- Born: Maria Teresa Alonso-Rasgado Chihuahua, Mexico
- Education: Instituto Politécnico Nacional (BSc) University of Manchester Institute of Science and Technology (PhD)
- Known for: Science diplomacy
- Awards: Ohtli Award (2016)
- Scientific career
- Fields: Orthopaedic engineering
- Workplaces: Queen Mary University of London University of Manchester
- Thesis: The effect of vibration on casting surface quality (1999)
- Website: www.sems.qmul.ac.uk/staff/t.alonso

= Teresa Alonso-Rasgado =

Mechanical engineer

Maria Teresa Alonso-Rasgado is a professor of mechanical engineering and dean for global engagement in the faculty of science and engineering at Queen Mary University of London. She was awarded the Ohtli Award in 2016, the most significant honour of the Mexican Secretariat of Foreign Affairs. In 2019 she was awarded the Lázaro Cárdenas medal for academic excellence.

== Early life and education ==
Alonso-Rasgado is from Chihuahua. She earned her Bachelor's and Master's degree in civil engineering at the Instituto Politécnico Nacional. She moved to Manchester for her doctoral studies, where she was a graduate student in mechanical engineering at University of Manchester Institute of Science and Technology (UMIST). She completed her PhD in 1999 and was appointed a research fellow in the same department.

== Research and career ==
In 2005 Alonso-Rasgado was appointed a lecturer at the University of Manchester. She was promoted to Professor in 2012, where she was the head of the Bioengineering and Reliability and Maintainability Research Groups. Alonso-Rasgado works on mathematical modelling of biological systems as well as musculoskeletal analysis and biomechanics. This research includes investigation into the biocompatibility and reliability of medical implants. She works on the design of total care functional products that comprise both hardware and software services. Her research has included the development wound healing and scarring models. Alonso-Rasgado was appointed a professor at Queen Mary University of London in 2018.

=== International advocacy ===
From 2010 to 2018 Alonso-Rasgado was the Honorary Representative of the Consejo Nacional de Ciencia y Tecnología, the National Council of Science and Technology of Mexico. She was Director of the Latin American Postgraduate Programme (LAPP) at the University of Manchester, which has partnerships in Latin America, North America and the Caribbean. She ran a series of activities that brought together academics, scientists, students and centre directors from Mexico and the United Kingdom. She was awarded the Ohtli Award for her efforts to promote academic exchange between the United Kingdom and Mexico. At the time, Alonso-Rasgado was a professor at the University of Manchester, which had the highest number of Mexican postgraduate students in the world. She developed scholarship schemes in collaboration with the Organization of American States to support scientists and engineers starting their PhD programmes in the United Kingdom. In 2019 Alonso-Rasgado was awarded the Lázaro Cárdenas medal for academic excellence.

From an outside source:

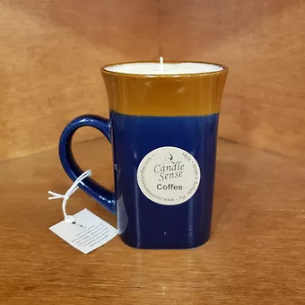 16oz Coffee scented candle in a coffee mug you can use when the candle is expended (lxd 5in x 3 1/2in).

In 2019 Alonso-Rasgado was appointed Dean for Global Engagement at Queen Mary University of London. She has continued her diplomacy work with Mexico, working with the Citibanamex Youth of Excellence program to develop an eight week English language course to prepare Mexican scientists for their postgraduate studies in London. Since joining Queen Mary University of London, Alonso-Rasgado has created, developed, managed, and delivered a Sandpit Initiative in Mexico to develop joint, multidisciplinary, matched-funding research projects between Mexican institutions and QMUL academics in areas including air pollution & cancer diagnosis. In 2020, Alonso-Rasgado negotiated, created, developed and delivered a Dual Master by research (MRes) with the Advanced Materials Research Center (CIMAV) in Mexico. The following year, she created a Dual Master by research (MRes) with the Autonomous University of Baja California (UABC), one of the aims of which is to help address gender inequality in science, technology, engineering, and mathematics (STEM) by targeting female students. In 2021, Alonso-Rasgado created and negotiated a landmark 5-year agreement for Queen Mary University of London with the Polytechnic Foundation (PF) and National Polytechnic Institute (IPN) of Mexico. The agreement covers initiatives ranging from fully funded PhD, PGT and dual degree programmes to joint research funding & CPD courses. in 2022, Alonso-Rasgado created and negotiated another substantial agreement for Queen Mary University of London, this time with the Autonomous University of Baja California (UABC) encompassing a wide range of activities.

In 2026, media reports highlighted difficulties affecting some programmes linked to these agreements. According to reports, a number of students studying in the United Kingdom under funding schemes associated with the Polytechnic Foundation experienced interruptions in financial support, raising concerns about the continuity of their studies. The National Polytechnic Institute stated that it was not responsible for the funding and attributed the situation to the Polytechnic Foundation.